# Movies so terrible that they are funny



## CertifiedCervine (Sep 30, 2018)

Ever seen a movie that is just soooo terrible, that it is somehow funny? Or is this something just I’ve felt?


----------



## Folhester (Oct 1, 2018)

Welp, I hope you know the Titanic of 'Movies so terrible they're funny' is the magnificent The Room, from Tommy Wiseau

If not

GO WATCH THIS MOVIE IMMEDIATELY!



(Other than that, I'm laughing my butt off on a Netflix Chinese series called Ice Fantasy. It feels like watching weirdly average cosplayers in a cheap Game of Thones cross over with Avatar the last airbender)


----------



## Sagt (Oct 1, 2018)

2010: Moby Dick. 

Best movie.

Whale jumping over a very large island, nukes being fired at whale, whale dodging nukes, aforementioned island exploding, no real conclusion... It has it all, really.
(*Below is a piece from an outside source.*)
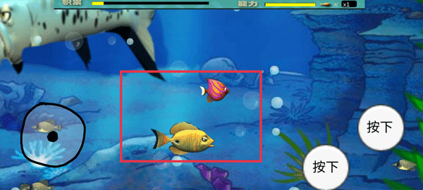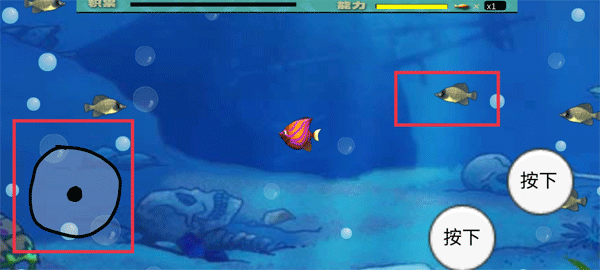 3、觸屏操控小魚前進(jìn),遇到比自己小的魚就吞噬,讓玩家在游戲中體驗捕食的樂趣。
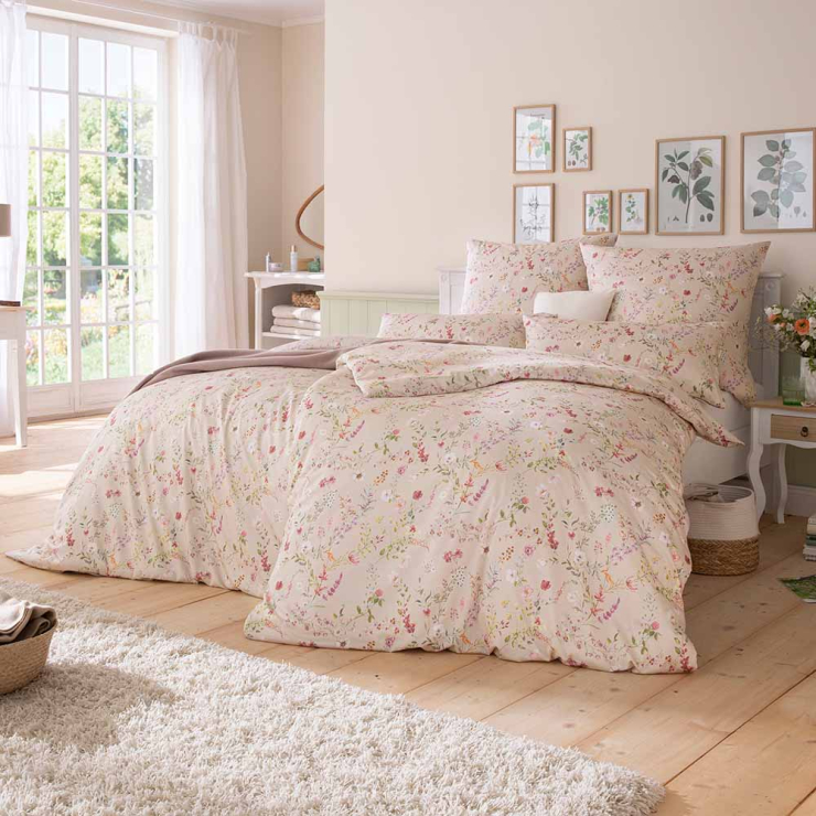 Zuckersüß und blumig schön präsentieren sich die Bezüge der Dilara Bettwäschegarnitur. Das Set zeigt ein filigranes Blumenmuster, das sich über die komplette Fläche der Kopfkissen- und Bettdeckenbezüge erstreckt. Stell dir vor, wie diese Garnitur auf einem schlichten weißen Bettgestell zur Geltung kommt, ergänze sie mit Kissen in Rosa und Pink oder setze mit einer Tagesdecke in Blau einen eleganten Kontrast. Du entscheidest.

Unfortunately not everyone can appreciate this masterpiece, hence the 2.4/10 rating on IMDb.


----------



## Ravofox (Oct 1, 2018)

I haven't seen the whole thing but the clips from Fateful Findings i've seen are absolutely hilarious. Just like the room, it is written, directed by and stars the same person! Well worth a look!


----------



## Littlefoot505 (Oct 5, 2018)

Two movies I've seen that are like that for me are The Lion King 1.5 (known in Europe as The Lion King 3), and The Land Before Time XIII: The Wisdom of Friends


----------



## EapingEagle (Oct 5, 2018)

Looking at Slenderman 2018 movie was horrendous.


----------



## alphienya (Oct 5, 2018)

As Folhester mentioned, The Room is definitely that kind of movie for me. Granted the sex scenes are kinda uncomfortable to watch (mostly because they're so darn long). Though some of the expressions in them did give me a good laugh.

Honestly I've yet to find another movie like that. I need more of them in my life, dang it.


----------



## EapingEagle (Oct 5, 2018)

alphienya said:


> As Folhester mentioned, The Room is definitely that kind of movie for me. Granted the sex scenes are kinda uncomfortable to watch (mostly because they're so darn long). Though some of the expressions in them did give me a good laugh.
> 
> Honestly I've yet to find another movie like that. I need more of them in my life, dang it.



"Oh hai doggy" Best Part


----------



## Alv (Oct 5, 2018)

Earnest goes to Camp is super cringe.


----------



## Picklepaige (Oct 6, 2018)

Birdemic: Shock and Terror

It is just as bad and amazing as the title suggests. -10/10 special effects, acting, filming, and script. The maker of the film was SO earnest and thought he was making a great movie.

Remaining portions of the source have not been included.